Human kallikrein 11 (hK11) has also been validated as a serum biomarker for ovarian cancer, alone and in combination with CA125 [61]. Similar to our studies, McIntosh et al. [61] found hK11 was less sensitive than CA125 at detecting ovarian cancer versus healthy controls, although hK11 was among the top five most sensitive individual proteins in our study. We observed only slight differences in sensitivity when comparing cancer to healthy and cancer to benign samples, while McIntosh et al. [61] found the sensitivity of hK11 was substantially decreased when comparing cancer versus benign samples.

Elevated KLK6 levels have been associated with late stage ovarian cancer but not benign tumors [34]. A recent study using western blots of serum depleted of high abundance proteins suggests that serum KLK6 levels are elevated in early stages of serous ovarian cancer [62]. Analyses of our Proseek® data support these findings of a high correlation between KLK6 serum levels and late stage ovarian cancer. By linear regression, we also found that serum levels of KLK6 were nearly identical for healthy women and women with benign ovarian disease. We found the specificity of KLK6 to be relatively high (88%) when comparing late stage ovarian cancer to healthy or benign cases; however the sensitivity was much lower (~ 40%) when comparing early stage ovarian cancer to healthy or benign cases.

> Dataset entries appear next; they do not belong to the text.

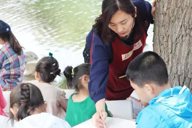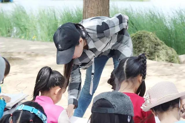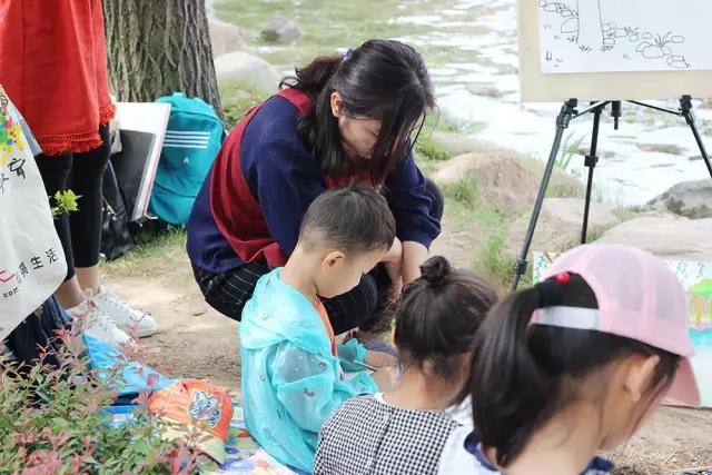 湖水碧綠清澈的環(huán)繞,孩子們坐在畫中間
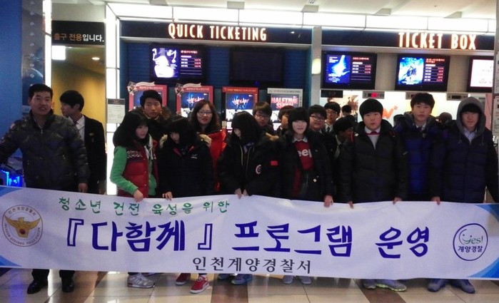 | ▲ 청소년 선도프로그램 ‘다함께’참가자들이 기념촬영을 하고 있다. | ||
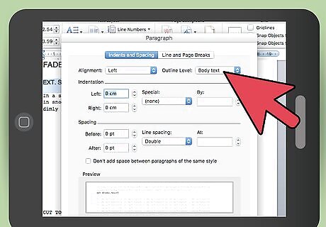 Make sure the margin spacing is correct. If you are adjusting the margins in the screenplay manually using your keyboard, you should make sure your margins are always correct for each notation in the script. Do not try to narrow your margins in an attempt to cram in more content into the script. Scripts with incorrect margins may be seen as unprofessional and inaccurate, as it is difficult to determine the running time of the film if the margins are off. Make sure all scene headings have a margin of 1.7” to the left and 1.1” to the right. Leave two blank lines before every scene heading. Check that all dialogue has a left margin of 2.7” and a right margin of 2.4”. The names of characters over dialogue should have a left margin of 4.1”. All parenthetical directions within the dialogue should have a left margin of 3.4” and a right margin of 3.1”. The top page margin should be 0.5” or three single lines before the page number. The bottom page margin should be 0.5” or three single lines from the end of a scene.
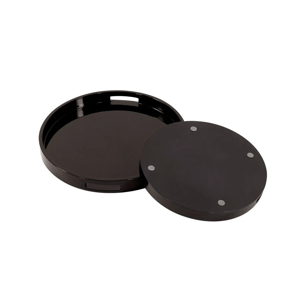 This tray set has an elegant round shape. The smooth wood is finished in a high gloss black lacquer. The simplicity of these trays allows them to fit right in with any decor style. From Contemporary, to Art Deco; from Transitional to a Scandinavian look, plus everything in between. The tray set includes one small and one large tray. Use them together or each on their own. Trays feature convenient cut out hand holds. Also available in White or Taupe.
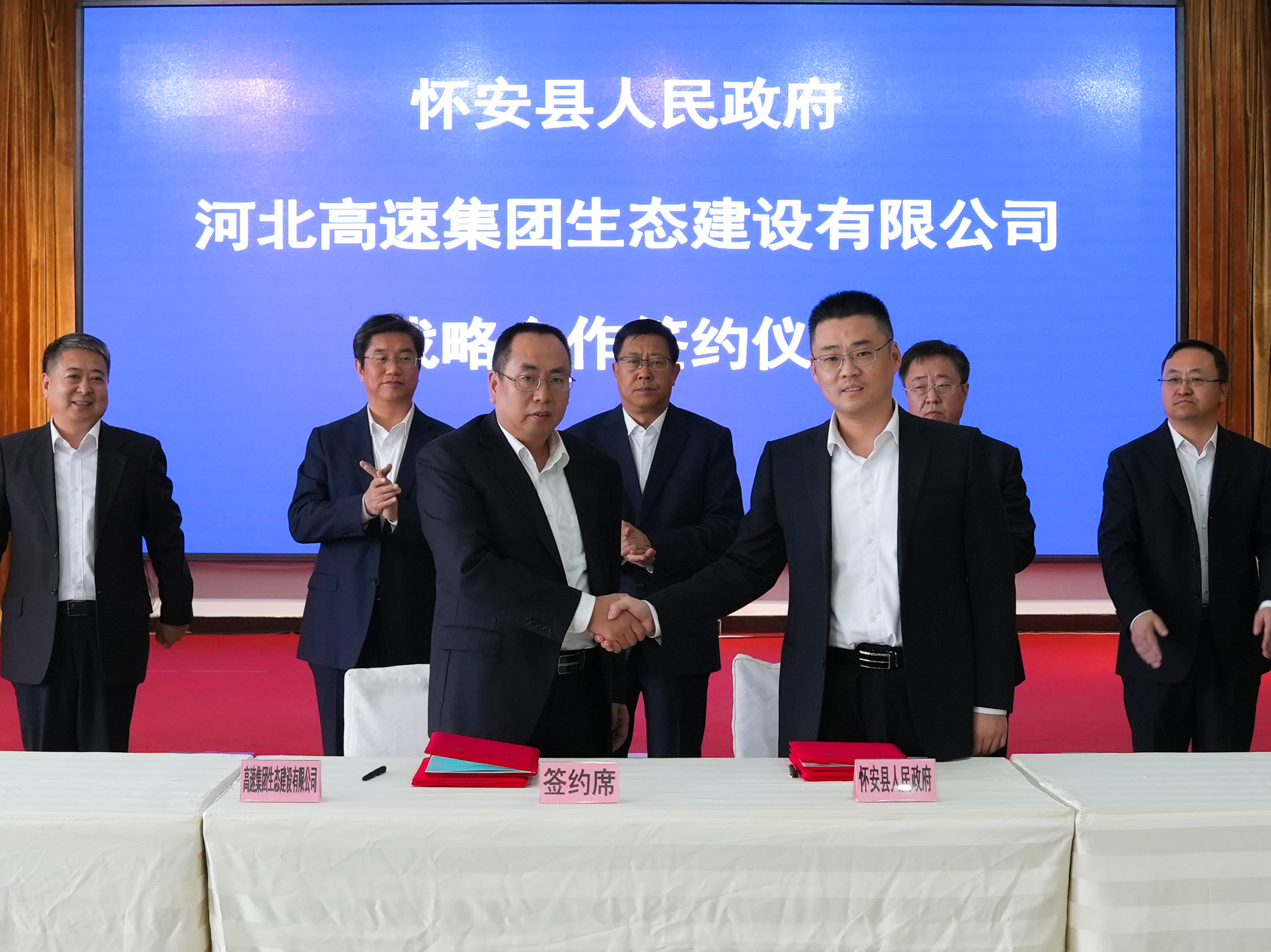 10月25日15時,河北高速集團生態(tài)建設(shè)有限公司與懷安縣人民政府在懷安縣賓館隆重舉行了戰(zhàn)略合作簽約儀式。張家口市政協(xié)黨組書記、主席高峰,張家口市人大副主任孫海東,河北高速集團黨委副書記、董事、工會主席董廣,張家口懷安縣縣委書記劉源,生態(tài)建設(shè)公司黨支部書記、董事馬明玉出席簽約儀式。懷安縣縣長孫少凱與生態(tài)建設(shè)公司總經(jīng)理焦銀禾分別代表雙方簽署了《戰(zhàn)略合作框架協(xié)議》及《土地整治(占補平衡)項目合作協(xié)議》。懷安縣副縣長高志宏主持簽約儀式。
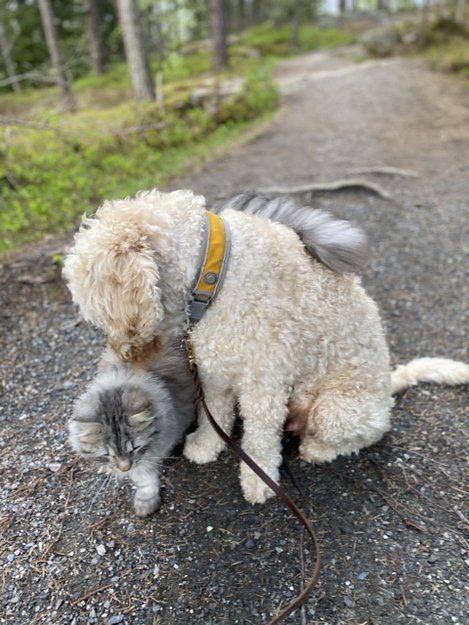 Suki er vant til hundene våre, men skvetter unna hvis fremmede hunder reagerer på henne. Hun er veldig hengiven og kosete. Iallefall ovenfor oss i familien. Dypt savnet!
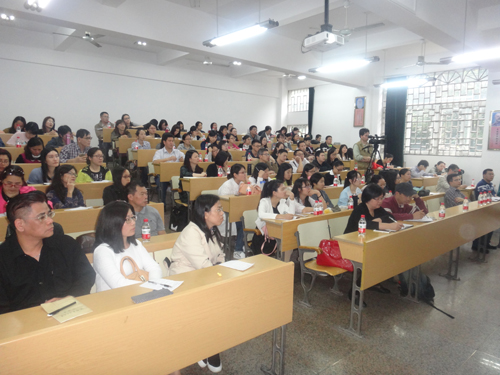 应外国语学院邀请,4月19日,武汉大学外国语学院教授、博士生导师周保国教授在屏风校区9107教室,作了题为《认清规律、合理干预,提高外语教学的有效性》的学术报告。Beat365官网外国语学院全体教师和研究生以及桂林其他高校教师共百余人聆听了报告。 周保国教授首先从语言的基本属性和学习语言的规律出发,通过生动形象的汉语和英语例句,分享了自己英语教学和研究的体会。然后,周教授比较了儿童语言习得和成人外语学习的差异,在此基础上,他着重探讨了提升成人外语教学有效性的途径。在交流互动环节,Beat365官网教师和学生积极主动和周教授交流,周教授现场详细回答了问题,并就师生们关心的教学科研问题提出了自己的建议。 此次学术报告对于如何进一步做好Beat365官网的外语教学和科研工作,尤其是如何在新形势下提高Beat365官网大学英语及专业外语教学质量将产生积极的推动作用。
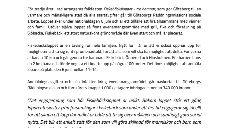 För tredje året i rad arrangeras folkfesten Fiskebäcksloppet - tre hamnar, som gör Göteborg till en varmare och mänskligare stad då alla startavgifter går till Göteborgs Räddningsmissions sociala arbete. Loppet sker under nationaldagen 6 juni och är ett tillfälle att fira tillsammans med vänner och familj. Utöver själva loppet så finns evenemangsområde med grill, fika och försäljning på Sjöbacka, Fiskebäck, ett stort naturskönt grönområde där även start och mål är placerat.
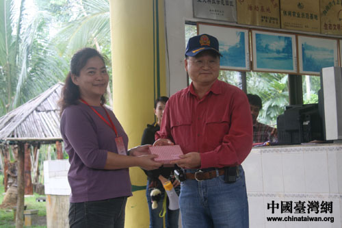 海南臺商林保森接受臺灣政治大學(xué)代表贈送的紀(jì)念品
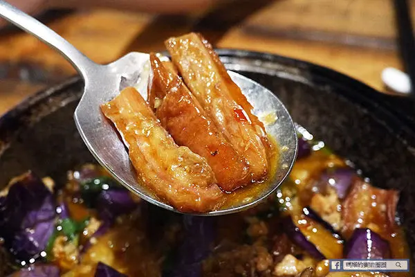 「塔香肥腸煲」不禁要和五更腸旺做個比較,同樣以鐵鍋煲熱,加入茄子、肉末和肥腸,並以九層塔提香入味,煨出一道超級下飯的菜餚

FRα has also previously been tested as a biomarker for ovarian cancer detection. Using an electrochemiluminescent assay, O’Shaunessy et al. [36] showed that as a single biomarker, FRα was able to discriminate between ovarian cancer and normal serum samples, with AUCs ranging from 0.62 for stage I samples to 0.94 and 0.92 for stage III and IV samples [36]. We found similar results using the Proseek® assay for detection of FRα alone; the AUC was 0.92 for late stage ovarian cancer versus healthy controls and 0.69 for detection of early stage ovarian cancer cases versus healthy controls. Another study used an ELISA for the detection of FRα in patients undergoing surgery for a pelvic mass [63]. In their study, FRα was slightly better than CA125 for discriminating between malignant and benign ovarian masses. Our Proseek® data indicate that FRα expression is not impacted by benign ovarian disease, since we observed similar data for healthy and benign cases (Fig. 4) and when computing the AUC and sensitivity values.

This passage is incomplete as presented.